• **Source data**:
++++++++++
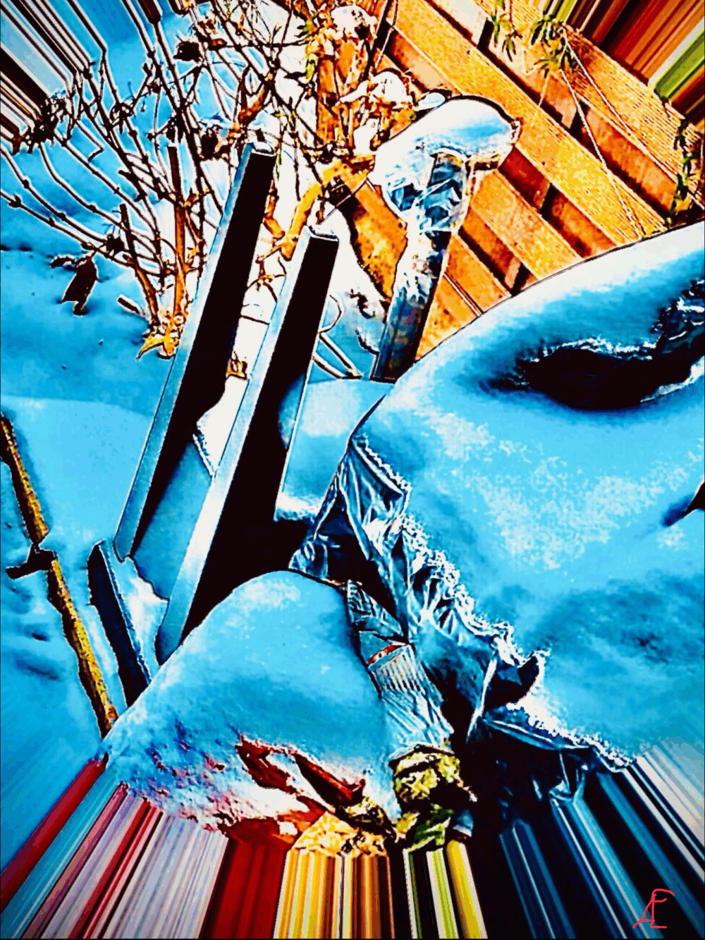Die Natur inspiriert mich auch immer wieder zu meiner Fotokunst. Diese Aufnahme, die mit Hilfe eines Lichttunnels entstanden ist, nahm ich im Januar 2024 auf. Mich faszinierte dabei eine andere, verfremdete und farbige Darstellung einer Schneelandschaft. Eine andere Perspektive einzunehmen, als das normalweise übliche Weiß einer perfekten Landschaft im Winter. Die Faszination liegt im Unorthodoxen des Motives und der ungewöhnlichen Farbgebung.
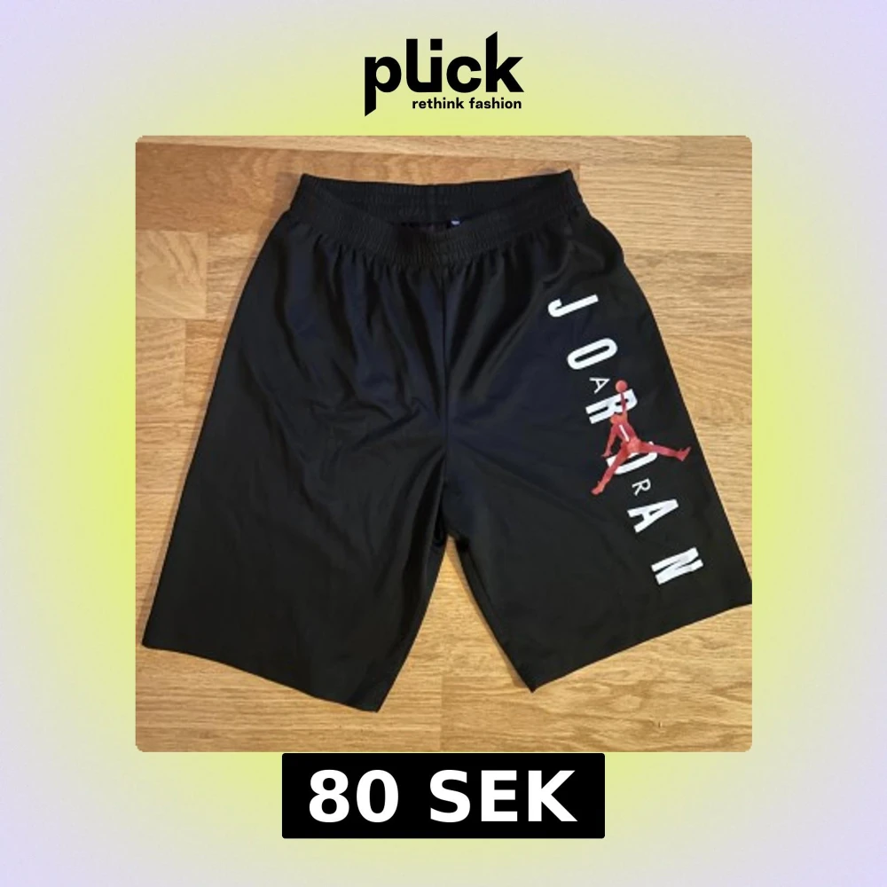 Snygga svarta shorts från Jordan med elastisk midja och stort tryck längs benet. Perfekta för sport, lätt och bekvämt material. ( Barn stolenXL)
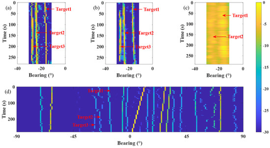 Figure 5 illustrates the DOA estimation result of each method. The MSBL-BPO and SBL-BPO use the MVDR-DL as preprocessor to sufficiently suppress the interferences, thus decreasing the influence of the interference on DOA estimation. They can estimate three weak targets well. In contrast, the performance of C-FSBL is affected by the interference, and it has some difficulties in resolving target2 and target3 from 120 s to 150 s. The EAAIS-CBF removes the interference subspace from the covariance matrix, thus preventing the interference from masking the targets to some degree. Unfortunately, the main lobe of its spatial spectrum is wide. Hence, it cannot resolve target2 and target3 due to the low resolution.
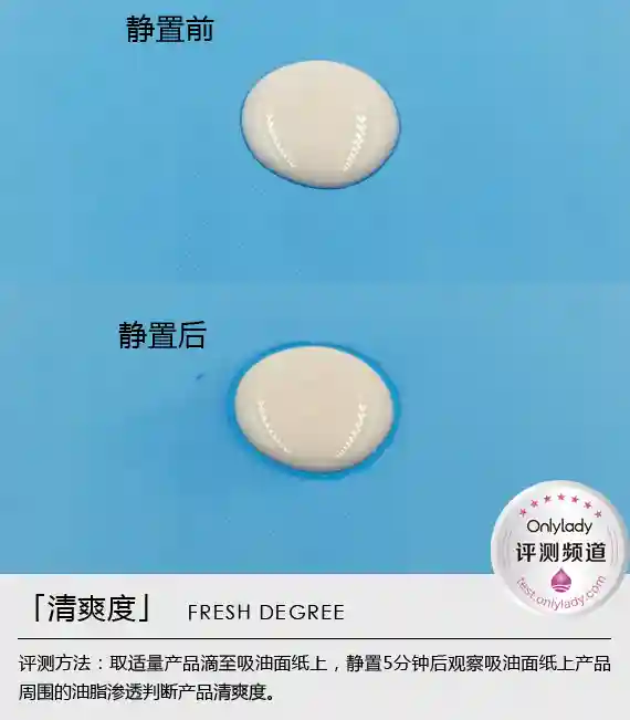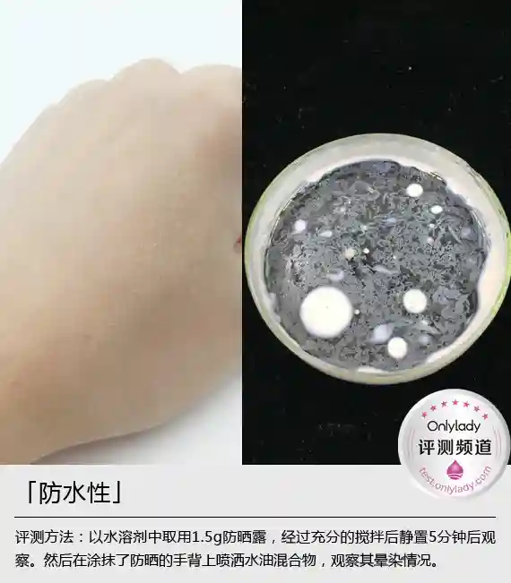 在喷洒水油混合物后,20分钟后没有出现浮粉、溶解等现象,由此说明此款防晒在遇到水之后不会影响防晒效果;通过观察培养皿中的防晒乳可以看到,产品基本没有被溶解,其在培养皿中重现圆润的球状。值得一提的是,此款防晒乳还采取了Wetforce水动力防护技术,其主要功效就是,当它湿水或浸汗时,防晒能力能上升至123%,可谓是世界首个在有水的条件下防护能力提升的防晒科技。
++++++++++
• **What you need to do**:
Once the pictures are removed, copy the listing exactly.

• **Exercise answer**:
Die Natur inspiriert mich auch immer wieder zu meiner Fotokunst. Diese Aufnahme, die mit Hilfe eines Lichttunnels entstanden ist, nahm ich im Januar 2024 auf. Mich faszinierte dabei eine andere, verfremdete und farbige Darstellung einer Schneelandschaft. Eine andere Perspektive einzunehmen, als das normalweise übliche Weiß einer perfekten Landschaft im Winter. Die Faszination liegt im Unorthodoxen des Motives und der ungewöhnlichen Farbgebung.
 Snygga svarta shorts från Jordan med elastisk midja och stort tryck längs benet. Perfekta för sport, lätt och bekvämt material. ( Barn stolenXL)
 Figure 5 illustrates the DOA estimation result of each method. The MSBL-BPO and SBL-BPO use the MVDR-DL as preprocessor to sufficiently suppress the interferences, thus decreasing the influence of the interference on DOA estimation. They can estimate three weak targets well. In contrast, the performance of C-FSBL is affected by the interference, and it has some difficulties in resolving target2 and target3 from 120 s to 150 s. The EAAIS-CBF removes the interference subspace from the covariance matrix, thus preventing the interference from masking the targets to some degree. Unfortunately, the main lobe of its spatial spectrum is wide. Hence, it cannot resolve target2 and target3 due to the low resolution.
 在喷洒水油混合物后,20分钟后没有出现浮粉、溶解等现象,由此说明此款防晒在遇到水之后不会影响防晒效果;通过观察培养皿中的防晒乳可以看到,产品基本没有被溶解,其在培养皿中重现圆润的球状。值得一提的是,此款防晒乳还采取了Wetforce水动力防护技术,其主要功效就是,当它湿水或浸汗时,防晒能力能上升至123%,可谓是世界首个在有水的条件下防护能力提升的防晒科技。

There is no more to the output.